[Records for the task]:
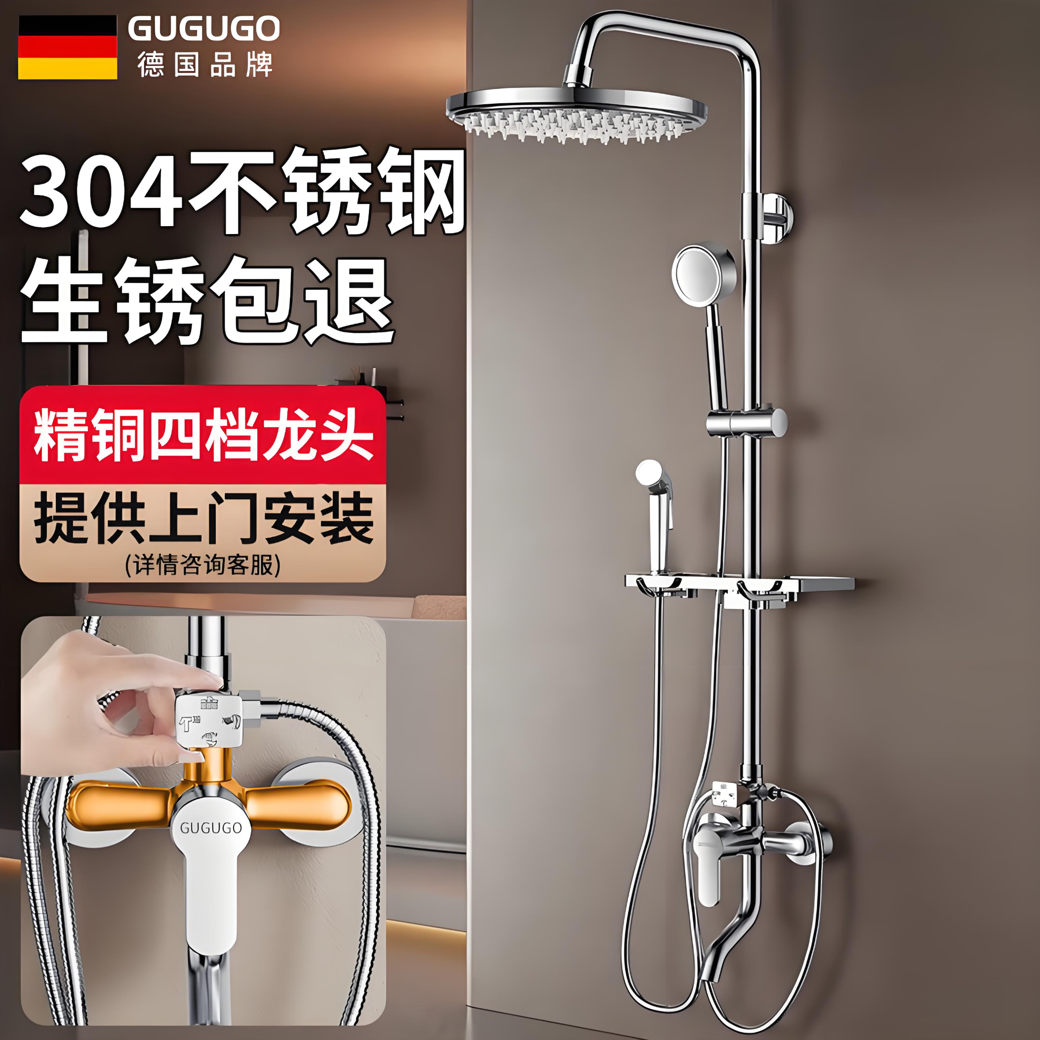 GuGuGo【德国】淋浴花洒套装一体全铜增压花洒淋浴全套一整套2025新款 【精铜主体】淋浴花洒套装 加厚精铜主体丨304增压顶喷丨送宽大置物架
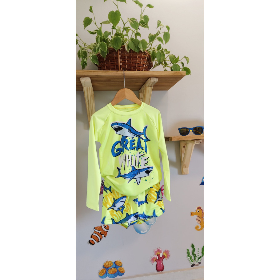 O conjunto praia verão em malha sublimada com Fator UV 50 e forro em poliamida é leve, confortável e cheio de estilo. Uma peça essencial para o verão, que une proteção solar, qualidade e beleza, garantindo segurança e liberdade para os meninos se divertirem com o conforto.
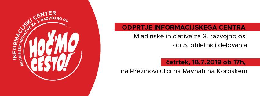 Peti obletnici delovanja Mladinske iniciative za 3. razvojno os bo posvečeno odprtje informacijskega centra na Ravnah na Koroškem na Prežihovi ulici, ki bo s kratkim kulturnim programom potekalo v četrtek, 18. julija 2019, to je prav na dan pete obletnice uvodne javne predstavitve Mladinske iniciative za 3. razvojno os.
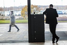 Жанровая фотография. Силуэт мужчины на фоне стеклянной стены здания.
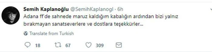 Yaşanan bu olayın ardından Yönetmen Semih Kaplanoğlu, dün Twitter sayfasından yaptığı açıklamada; "Adana ff’de sahnede maruz kaldığım kabalığın ardından bizi yalnız bırakmayan sanatseverlere ve dostlara teşekkürler..." dedi.

[Aim of the task]:
Reproduce the data above line for line, from its first line through the line containing "Жанровая фотография. Силуэт", both ends included, with the pictures omitted and nothing more.

[Response to the task]:
 GuGuGo【德国】淋浴花洒套装一体全铜增压花洒淋浴全套一整套2025新款 【精铜主体】淋浴花洒套装 加厚精铜主体丨304增压顶喷丨送宽大置物架
 O conjunto praia verão em malha sublimada com Fator UV 50 e forro em poliamida é leve, confortável e cheio de estilo. Uma peça essencial para o verão, que une proteção solar, qualidade e beleza, garantindo segurança e liberdade para os meninos se divertirem com o conforto.
 Peti obletnici delovanja Mladinske iniciative za 3. razvojno os bo posvečeno odprtje informacijskega centra na Ravnah na Koroškem na Prežihovi ulici, ki bo s kratkim kulturnim programom potekalo v četrtek, 18. julija 2019, to je prav na dan pete obletnice uvodne javne predstavitve Mladinske iniciative za 3. razvojno os.
 Жанровая фотография. Силуэт мужчины на фоне стеклянной стены здания.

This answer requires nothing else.